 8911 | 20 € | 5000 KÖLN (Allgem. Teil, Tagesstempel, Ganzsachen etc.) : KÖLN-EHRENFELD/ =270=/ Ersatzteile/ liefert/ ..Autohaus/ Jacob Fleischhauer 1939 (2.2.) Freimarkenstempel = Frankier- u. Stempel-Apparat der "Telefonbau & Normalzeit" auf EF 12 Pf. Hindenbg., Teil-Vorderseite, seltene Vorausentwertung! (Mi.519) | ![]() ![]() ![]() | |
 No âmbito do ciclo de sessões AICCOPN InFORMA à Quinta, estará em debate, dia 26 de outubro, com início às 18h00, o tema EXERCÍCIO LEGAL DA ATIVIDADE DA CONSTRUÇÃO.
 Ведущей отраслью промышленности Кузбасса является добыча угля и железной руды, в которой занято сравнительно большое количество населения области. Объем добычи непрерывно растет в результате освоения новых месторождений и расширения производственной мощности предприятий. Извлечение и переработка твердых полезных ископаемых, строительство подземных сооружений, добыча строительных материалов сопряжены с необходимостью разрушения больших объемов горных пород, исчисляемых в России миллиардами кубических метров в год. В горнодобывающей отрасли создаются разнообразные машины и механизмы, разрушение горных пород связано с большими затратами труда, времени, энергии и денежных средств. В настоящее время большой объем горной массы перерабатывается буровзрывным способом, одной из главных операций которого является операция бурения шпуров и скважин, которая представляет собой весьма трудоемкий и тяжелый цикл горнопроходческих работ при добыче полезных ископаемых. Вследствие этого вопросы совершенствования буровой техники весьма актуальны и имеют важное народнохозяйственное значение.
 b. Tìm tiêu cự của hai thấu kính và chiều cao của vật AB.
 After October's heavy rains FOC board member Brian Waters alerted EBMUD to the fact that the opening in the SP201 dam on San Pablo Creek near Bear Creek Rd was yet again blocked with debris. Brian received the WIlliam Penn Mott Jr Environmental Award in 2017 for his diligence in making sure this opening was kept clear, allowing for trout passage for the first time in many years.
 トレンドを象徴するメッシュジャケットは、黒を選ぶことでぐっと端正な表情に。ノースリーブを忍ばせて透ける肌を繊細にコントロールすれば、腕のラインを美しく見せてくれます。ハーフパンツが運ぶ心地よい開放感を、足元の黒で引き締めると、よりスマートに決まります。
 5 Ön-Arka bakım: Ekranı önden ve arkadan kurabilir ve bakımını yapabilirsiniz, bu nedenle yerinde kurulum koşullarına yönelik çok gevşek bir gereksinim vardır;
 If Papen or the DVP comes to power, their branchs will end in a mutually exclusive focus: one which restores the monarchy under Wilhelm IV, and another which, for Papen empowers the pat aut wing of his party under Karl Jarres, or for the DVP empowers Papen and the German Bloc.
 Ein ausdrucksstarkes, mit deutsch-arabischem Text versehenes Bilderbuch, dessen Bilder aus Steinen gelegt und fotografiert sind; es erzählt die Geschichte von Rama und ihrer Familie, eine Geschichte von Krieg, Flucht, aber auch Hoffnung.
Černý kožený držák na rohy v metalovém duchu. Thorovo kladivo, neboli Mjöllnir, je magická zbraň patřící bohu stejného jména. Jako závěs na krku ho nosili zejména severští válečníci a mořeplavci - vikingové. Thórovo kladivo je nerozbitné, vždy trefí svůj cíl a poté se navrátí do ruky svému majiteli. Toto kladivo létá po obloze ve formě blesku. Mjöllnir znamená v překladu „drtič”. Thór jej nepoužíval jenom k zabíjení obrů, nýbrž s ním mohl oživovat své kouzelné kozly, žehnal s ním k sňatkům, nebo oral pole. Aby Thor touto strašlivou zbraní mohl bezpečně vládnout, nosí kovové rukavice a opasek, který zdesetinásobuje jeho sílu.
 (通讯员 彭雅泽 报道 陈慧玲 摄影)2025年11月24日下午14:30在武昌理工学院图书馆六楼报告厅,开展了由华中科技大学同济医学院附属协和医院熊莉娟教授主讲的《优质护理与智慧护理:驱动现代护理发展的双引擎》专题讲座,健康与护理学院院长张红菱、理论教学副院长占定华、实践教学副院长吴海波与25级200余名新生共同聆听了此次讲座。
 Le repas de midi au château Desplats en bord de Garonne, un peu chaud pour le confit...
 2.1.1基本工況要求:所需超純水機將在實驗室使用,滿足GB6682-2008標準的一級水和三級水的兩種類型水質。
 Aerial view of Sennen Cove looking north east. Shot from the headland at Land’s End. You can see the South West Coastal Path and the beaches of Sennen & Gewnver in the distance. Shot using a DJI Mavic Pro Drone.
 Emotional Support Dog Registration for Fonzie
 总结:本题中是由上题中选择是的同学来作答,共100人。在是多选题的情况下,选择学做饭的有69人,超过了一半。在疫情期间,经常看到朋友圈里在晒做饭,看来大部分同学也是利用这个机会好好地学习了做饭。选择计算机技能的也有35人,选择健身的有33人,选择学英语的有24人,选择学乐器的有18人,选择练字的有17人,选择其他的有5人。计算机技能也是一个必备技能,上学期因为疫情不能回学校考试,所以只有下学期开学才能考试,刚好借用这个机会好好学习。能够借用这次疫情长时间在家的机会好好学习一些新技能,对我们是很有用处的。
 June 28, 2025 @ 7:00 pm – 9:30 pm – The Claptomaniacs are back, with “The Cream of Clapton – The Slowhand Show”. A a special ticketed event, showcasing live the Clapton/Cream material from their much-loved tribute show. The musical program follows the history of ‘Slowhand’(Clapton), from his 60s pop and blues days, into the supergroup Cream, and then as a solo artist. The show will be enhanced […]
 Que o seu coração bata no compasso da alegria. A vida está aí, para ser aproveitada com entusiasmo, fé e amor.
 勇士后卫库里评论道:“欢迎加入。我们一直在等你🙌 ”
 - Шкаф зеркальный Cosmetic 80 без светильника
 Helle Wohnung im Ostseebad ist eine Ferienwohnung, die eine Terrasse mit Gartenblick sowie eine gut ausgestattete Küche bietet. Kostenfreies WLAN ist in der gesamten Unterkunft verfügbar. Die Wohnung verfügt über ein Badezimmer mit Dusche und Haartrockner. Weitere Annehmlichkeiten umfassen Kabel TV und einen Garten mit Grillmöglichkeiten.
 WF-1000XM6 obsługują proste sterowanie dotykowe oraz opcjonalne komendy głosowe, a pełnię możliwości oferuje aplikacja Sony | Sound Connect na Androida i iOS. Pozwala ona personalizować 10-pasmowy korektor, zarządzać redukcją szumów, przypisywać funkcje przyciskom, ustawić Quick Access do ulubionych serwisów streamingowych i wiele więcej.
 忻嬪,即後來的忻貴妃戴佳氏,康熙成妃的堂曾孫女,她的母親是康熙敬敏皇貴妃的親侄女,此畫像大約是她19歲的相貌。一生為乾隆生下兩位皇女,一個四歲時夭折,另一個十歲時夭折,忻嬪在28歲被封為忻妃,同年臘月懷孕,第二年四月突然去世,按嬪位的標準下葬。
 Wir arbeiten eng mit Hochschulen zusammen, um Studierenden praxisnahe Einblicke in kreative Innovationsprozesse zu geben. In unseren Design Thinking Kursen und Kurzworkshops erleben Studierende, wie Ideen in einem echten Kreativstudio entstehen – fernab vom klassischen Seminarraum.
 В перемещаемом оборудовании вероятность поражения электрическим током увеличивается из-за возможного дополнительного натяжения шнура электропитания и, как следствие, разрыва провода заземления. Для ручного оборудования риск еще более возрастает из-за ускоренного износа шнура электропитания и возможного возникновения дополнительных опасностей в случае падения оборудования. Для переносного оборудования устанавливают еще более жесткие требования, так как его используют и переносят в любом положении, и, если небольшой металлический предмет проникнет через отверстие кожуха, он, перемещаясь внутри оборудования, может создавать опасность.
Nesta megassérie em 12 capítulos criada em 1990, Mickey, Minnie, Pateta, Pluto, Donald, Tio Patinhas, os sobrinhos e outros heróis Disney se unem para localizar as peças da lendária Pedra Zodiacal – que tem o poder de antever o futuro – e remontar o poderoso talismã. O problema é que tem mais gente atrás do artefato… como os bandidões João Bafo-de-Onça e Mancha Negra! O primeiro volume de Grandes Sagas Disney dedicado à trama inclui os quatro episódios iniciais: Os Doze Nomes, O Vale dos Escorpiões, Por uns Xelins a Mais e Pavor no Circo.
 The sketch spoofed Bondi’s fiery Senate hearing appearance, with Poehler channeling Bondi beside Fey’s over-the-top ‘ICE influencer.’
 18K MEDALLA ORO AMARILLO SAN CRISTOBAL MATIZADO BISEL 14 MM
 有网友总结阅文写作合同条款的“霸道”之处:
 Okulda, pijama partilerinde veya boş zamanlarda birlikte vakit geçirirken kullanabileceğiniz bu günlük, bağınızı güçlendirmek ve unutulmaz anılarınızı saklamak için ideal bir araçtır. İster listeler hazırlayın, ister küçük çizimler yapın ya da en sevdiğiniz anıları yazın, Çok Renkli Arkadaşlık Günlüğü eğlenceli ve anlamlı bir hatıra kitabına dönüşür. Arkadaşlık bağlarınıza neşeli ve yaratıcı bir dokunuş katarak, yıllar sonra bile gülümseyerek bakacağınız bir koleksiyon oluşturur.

● ● ● ● ● ● ●

_Brief:_ Tally the lines above containing "with"; give only the number.

_Answer to the problem:_ 3